What is it? A Receiver's Operating Characteristic (ROC) curve plots every value of a continuous measurement by its specificity and sensitivity to distinguish health status in a population of subjects. The area under the curve (AUC) reflects the measurement's potential to be a diagnosis tool. At a specific sensitivity, the specificity can be determined, or vice versa.

When is it used? This analysis is used to identify the appropriate classifying thresholds to diagnose a patient with expected sensitivity and specificity.

How does it work?

ROC curve analysis: Example

We've identified a potential biomarker, Protein "A", of Alzheimer's disease that is elevated in the plasma of Alzheimer's patients compared to healthy patients (Figure 1). We now need to determine the lower cut-off value of "Protein A" levels that will identify a patient with Alzheimer's disease. We don't want to have the threshold too low like concentration X in Figure 1 or else a lot of healthy patients will be wrongly diagnosed. However we also don't want to have a threshold that is really high like concentration Y in Figure 1 because a lot of Alzheimer's patients won't get diagnosed. A ROC curve can help identify the "sweet spot" (i.e., optimum sensitivity-specificity balance).

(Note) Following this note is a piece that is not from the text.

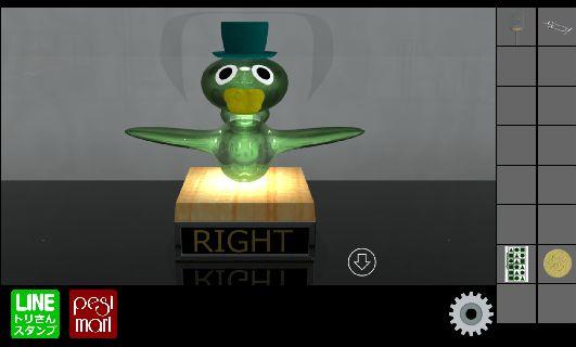 右に移動して、棚の上の鳥の置物の『RIGHT』を確認。
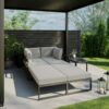 The set includes two 2-seater sofas, two 2-seater stools, and a matching steel coffee table, providing ample seating and a stylish surface for your outdoor gatherings. The steel frames guarantee durability, ensuring longevity in various weather conditions.

Figure 2 explains what sensitivity and specificity are. Ideally, the sensitivity and specificity would be 100%. In reality, virtually all biomarkers do not have perfect sensitivity and specificity.

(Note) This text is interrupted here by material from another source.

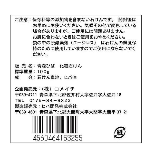 【定形外郵便配送】 青森ひば化粧石けん100g
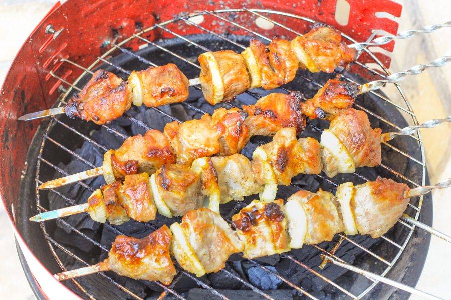 Обжарьте шашлык на мангале, поворачивая время от времени для равномерного подрумянивания. Потребуется примерно 15-20 минут в зависимости от величины кусочков мяса.

A ROC curve is generated across all values and the AUC is determined (Figure 3). Higher AUC values represent a better biomarker. A point along the ROC curve is chosen with the desired trade-off between sensitivity and specificity. With known sensitivity and specificity, the cut-off value can be ascertained.

For this example, let's assume the black dashed line is the ROC curve for our data. We would likely choose the X-Y coordinate of 0.1, 0.8, such that the biomarker would have a specificity of 90% and a sensitivity of 80%.

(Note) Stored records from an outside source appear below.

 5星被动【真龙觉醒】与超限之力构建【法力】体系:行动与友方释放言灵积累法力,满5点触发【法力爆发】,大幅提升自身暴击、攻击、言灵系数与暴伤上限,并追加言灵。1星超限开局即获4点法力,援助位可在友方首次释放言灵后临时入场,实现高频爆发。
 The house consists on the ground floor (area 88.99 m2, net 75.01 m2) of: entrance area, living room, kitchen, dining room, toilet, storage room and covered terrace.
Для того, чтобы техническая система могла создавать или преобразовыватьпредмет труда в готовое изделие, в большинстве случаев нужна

Figure 1. Overlapping histogram plots for concentrations of Protein A in different populations. A cut-off of concentration "X" will have high sensitivity, but low specificity. A cut-off of concentration "Y" will have low sensitivity, but high specificity.
Figure 2. Calculation of senstivity and specificty.
Figure 3. Comparison of ROC curves across three potential biomarkers. The higher the AUC value, the higher predictive value of the biomarker. Biomarker 3 has very poor predictive power (AUC ~0.5) as it cannot differentiate between healthy and diseased patients at all.

What does the data look like? ROC curve analyses are usually portrayed as a plot like Figure 3.